On Getting High At Work

Everyone Is Wasted All The Time

Pop culture and the meaning of life. Mini-essays written and illustrated by grimy, human hands.

My old boss would inhale a line or three, and fight the photocopier. I don't know why he enjoyed kicking the shit out of office equipment, but I can guess his motivation for combining work with cocaine.

Because it's also what motivated me to suck the coffee machine dry. I wanted caffeine to transform my worried self into something more economically attractive: tireless, focused, and enthusiastic. A production line of commercially-appealing thoughts. "A USP would max the ROI on that CTA." "We should do a podcast." 

But coffee never prompted me to consider coffee itself: “Why is caffeine, a powerful psychoactive, freely available in every company?”      

Somebody else considered it, though: Michael Pollan, journalist and charming dad of altered states. He also wrote a lovely essay on the subject, impeccably structured and peppered with his usual mix of warmth, wit, and deep research.

Here’s a truncated version of Pollan's argument. You can find the whole magnificent piece in his book This Is Your Mind On Plants (2021).

Before the 1600s, society was drunk. If you'd been alive then, you'd have been drunk too. You and everyone you loved, shit-faced way past the point where anyone's having fun.  

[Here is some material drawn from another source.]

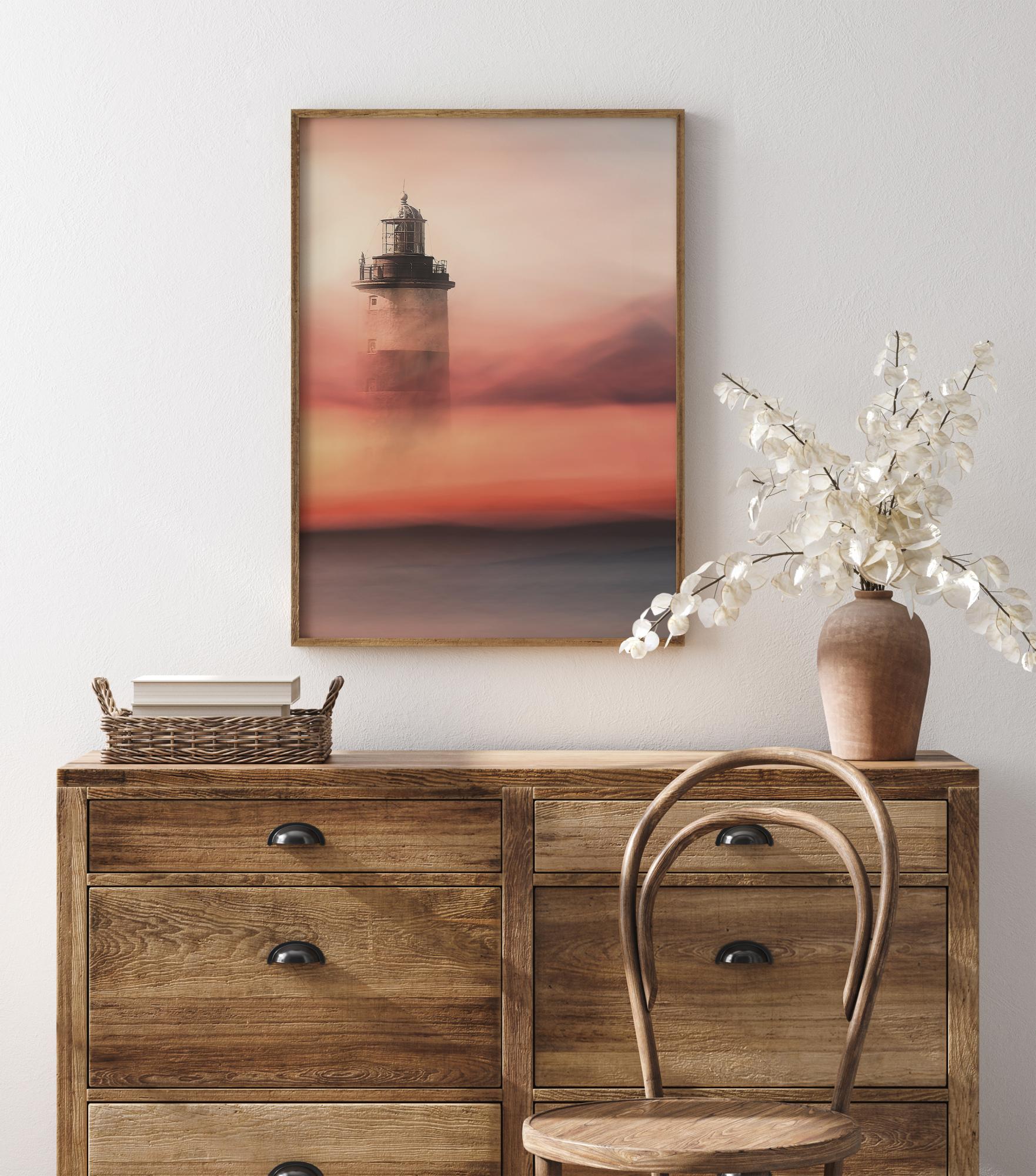 Един красив романтичен принт на фар в морската мъгла. Меките, розови пастелни цветове създават усещане за романтика, докато мекото синьо море придава по-тъмен тон на този красив постер. Усетете и чуйте морския бриз, когато окачите тази картина в дома си.

Labourers had beer breaks because beer was safer than water. Pollan: “Mental clarity was not a priority, nor was attention to clock time.” After the 1600s, caffeine hit Western cities and bloodstreams, resulting in…capitalism. 

Or rather, resulting first in the Enlightenment and then capitalism. The Age of Reason was birthed in coffeehouses, with ideas generated at a jittery pace. The tone of these ideas was peculiar to caffeinated states: rational, as opposed to the free association resulting from other, fun-er drugs. 

Mix your Enlightenment with Protestantism, add a shot, and you get today’s white-collar workplace. A blend of caffeine-related sleep deprivation, analysis, long hours (only possible with stimulants like coffee), and the belief that if we work hard now, everything will be better soon. Historian Wolfgang Schivelbusch explains that caffeine “spread through the body and achieved chemically and pharmacologically what rationalism and the Protestant ethic sought to fulfil spiritually and ideologically.”      

Office coffee didn't officially arrive until the 1950s, starting when a Denver-based company dosed its older workers with caffeine and saw a pleasing increase in productivity. Predictably, the company first demanded its employees get high for profit on their own dime–only after a court case did free coffee breaks become enshrined in the working day. 

So maybe coffee is indeed budget cocaine: you do it to feel competent, and competence is what the machinery governing our lives desires most. I also suspect there's a Machiatto Illuminati, consisting of shadowy figures from Starbucks, Costa and Dunkin' (formerly Dunkin' Donuts) who gather annually in a bunker under Connecticut to share PowerPoints on humanity's continued enslavement...before having an orgy in which everyone ecstatically mispronounces each other's name.       

Aside: as part of his research, Pollan cut out caffeine for three months. He described re-losing his coffee virginity as “a trip,” so intense were its effects. Hence my animation, above.   

This letter was written under the influence of seventeen cups of coffee (but no cocaine).